If underwriters are used in the sale, they will acquire the common stock for their own account and may resell the common stock from time to time in one or more transactions at a fixed public offering price. The obligations of the underwriters to purchase the common stock will be subject to the conditions set forth in the applicable underwriting agreement. We may offer the common stock to the public through underwriting syndicates represented by managing underwriters or by underwriters without a syndicate. Subject to certain conditions, the underwriters may be obligated to purchase all the common stock offered by the prospectus supplement. Any public offering price and any discounts or concessions allowed or reallowed or paid to dealers may change from time to time. We may use underwriters with whom we have a material relationship. We will describe in the prospectus supplement, naming the underwriter, the nature of any such relationship. We may sell common stock directly or through agents we designate from time to time. We will name any agent involved in the offering and sale of common stock and we will describe any commissions we will pay the agent in the prospectus supplement. Unless the prospectus supplement states otherwise, our agent will act on a best-efforts basis for the period of its appointment.
We may authorize agents or underwriters to solicit offers by certain types of institutional investors to purchase common stock from us at the public offering price set forth in the prospectus supplement pursuant to delayed delivery contracts providing for payment and delivery on a specified date in the future. We will describe the conditions to these contracts and the commissions we must pay for solicitation of these contracts in the prospectus supplement.
We may provide agents and underwriters with indemnification against civil liabilities related to this offering, including liabilities under the Securities Act, or contribution with respect to payments that the agents or underwriters may make with respect to such liabilities. Agents and underwriters may engage in transactions with, or perform services for, us in the ordinary course of business.

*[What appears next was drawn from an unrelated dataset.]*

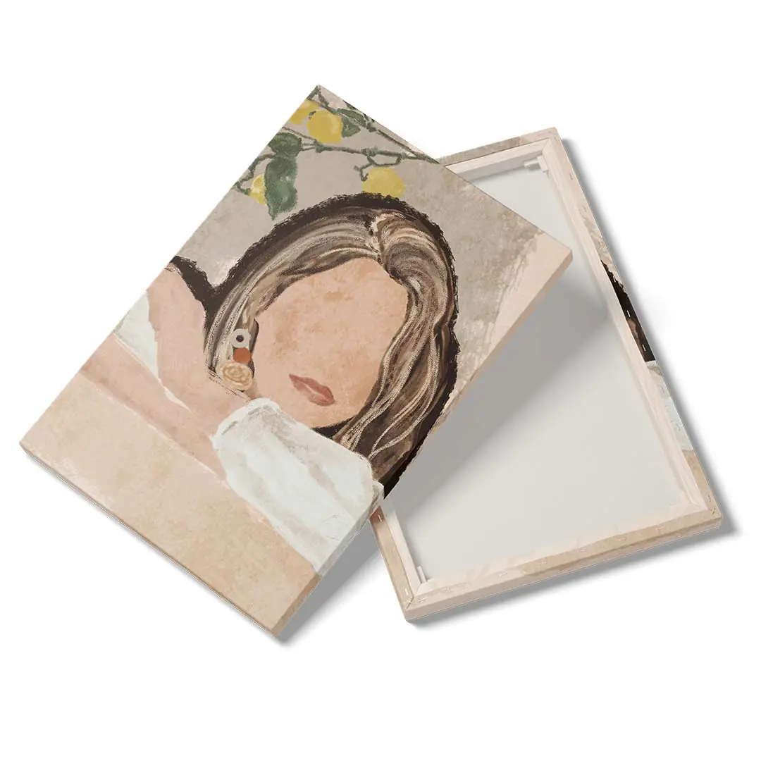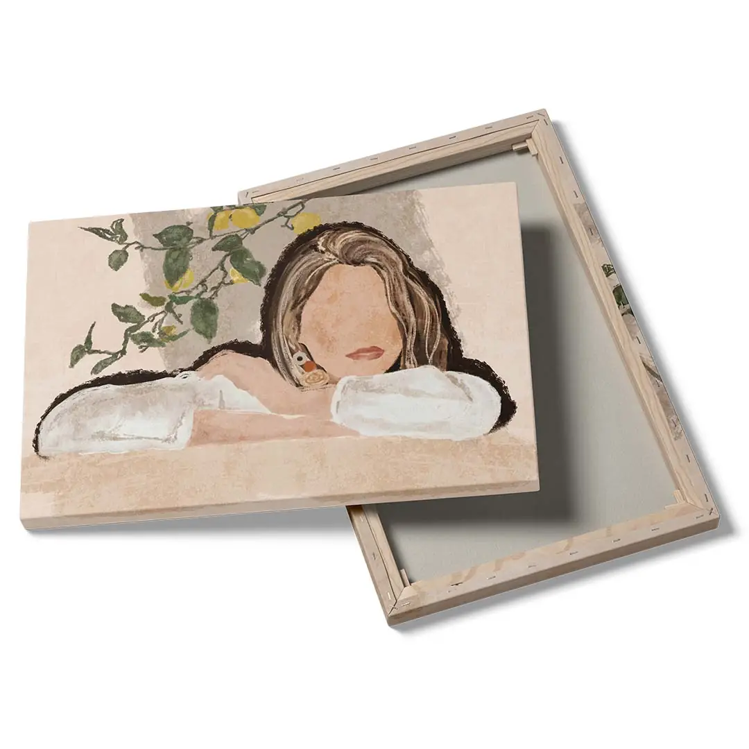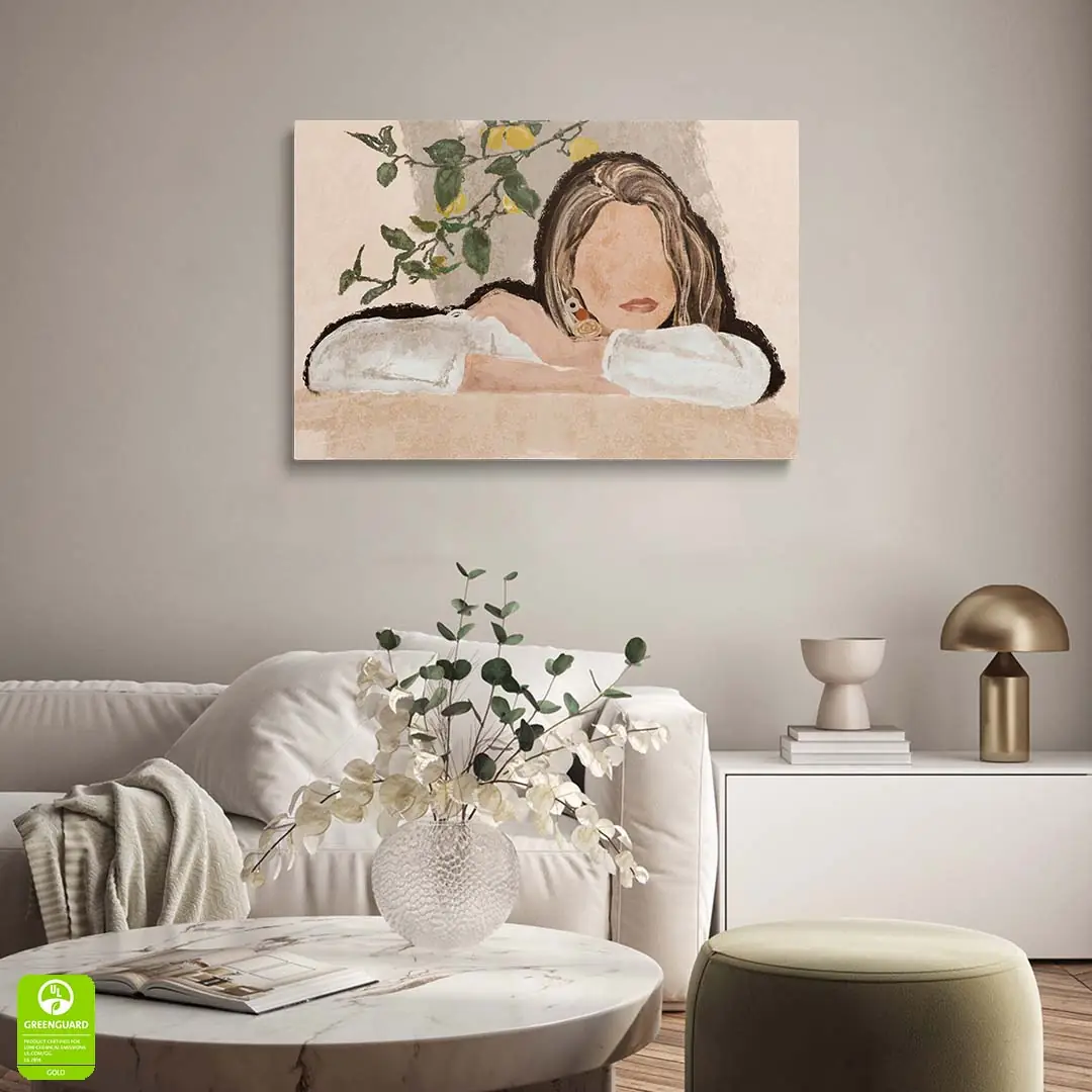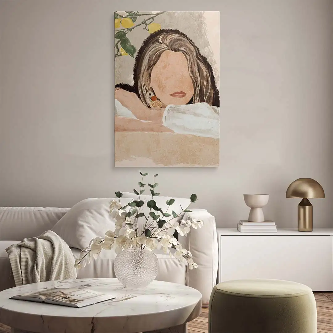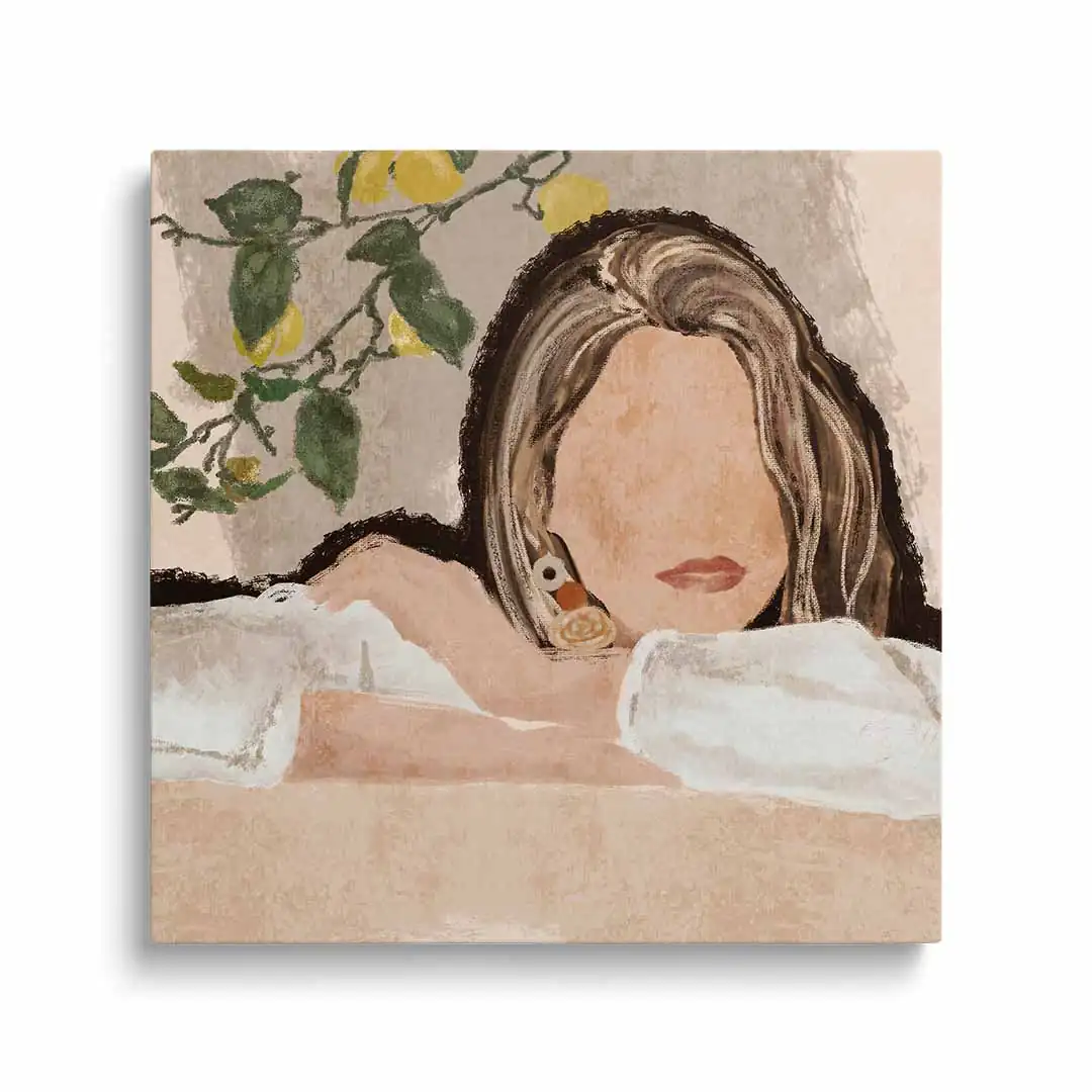 Obraz na płótnie - Błoga zaduma - Portret kobiety to nasza propozycja do niewątpliwie kobiecego wnętrza. Obraz świetnie wkomponuje się w klimat sypialni, kącika z toaletką, jadalni czy salonu. Piękne stonowane barwy wprowadzą atmosferę spokoju i skłonią do refleksji i zadumy. Całość w tonacji beżu, brązu i koloru kremowego. Nad kobiecym portretem pięknie wyeksponowana jest gałąź z zielonymi liśćmi i owocami cytryny, które wprowadzają nieco żywsze kolory do tej grafiki. Motyw znakomicie sprawdzi się w pomieszczeniach w stylu boho, z dodatkami zieleni i naturalnego drewna czy wikliny.

Any underwriter may engage in overallotment, stabilizing transactions, short covering transactions and penalty bids in accordance with Regulation M under the Securities Exchange Act of 1934, as amended. Overallotment involves sales in excess of the offering size, which create a short position. Stabilizing transactions permit bids to purchase the underlying security so long as the stabilizing bids do not exceed a specified maximum. Short covering transactions involve purchases of the securities in the open market after the distribution is completed to cover short positions. Penalty
7
bids permit the underwriters to reclaim a selling concession from a dealer when the common stock originally sold by the dealer is purchased in a covering transaction to cover short positions. Those activities may cause the price of the common stock to be higher than it would otherwise be. If commenced, the underwriters may discontinue any of the activities at any time.
Any underwriters who are qualified market makers on the Nasdaq Global Market may engage in passive market making transactions in the common stock on the Nasdaq Global Market in accordance with Rule 103 of Regulation M, during the business day prior to the pricing of the offering, before the commencement of offers or sales of common stock. Passive market makers must comply with applicable volume and price limitations and must be identified as passive market makers. In general, a passive market maker must display its bid at a price not in excess of the highest independent bid for such security; if all independent bids are lowered below the passive market maker’s bid, however, the passive market maker’s bid must then be lowered when certain purchase limits are exceeded.
8
LEGAL MATTERS
The validity of the shares of common stock being offered by this prospectus will be passed upon for us by Gunderson Dettmer Stough Villeneuve Franklin & Hachigian, LLP, Menlo Park, California.
EXPERTS
The financial statements and management’s assessment of the effectiveness of internal control over financial reporting (which is included in Management’s Report on Internal Control over Financial Reporting) incorporated in this prospectus by reference to the Annual Report on Form 10-K of Hansen Medical, Inc. for the year ended December 31, 2007 and the audited historical financial statements of AorTx, Inc. included on page 3 of Hansen Medical, Inc.’s Current Report on Form 8-K/A dated January, 31, 2008 have been so incorporated in reliance on the reports of PricewaterhouseCoopers LLP, an independent registered public accounting firm, given on the authority of said firm as experts in auditing and accounting.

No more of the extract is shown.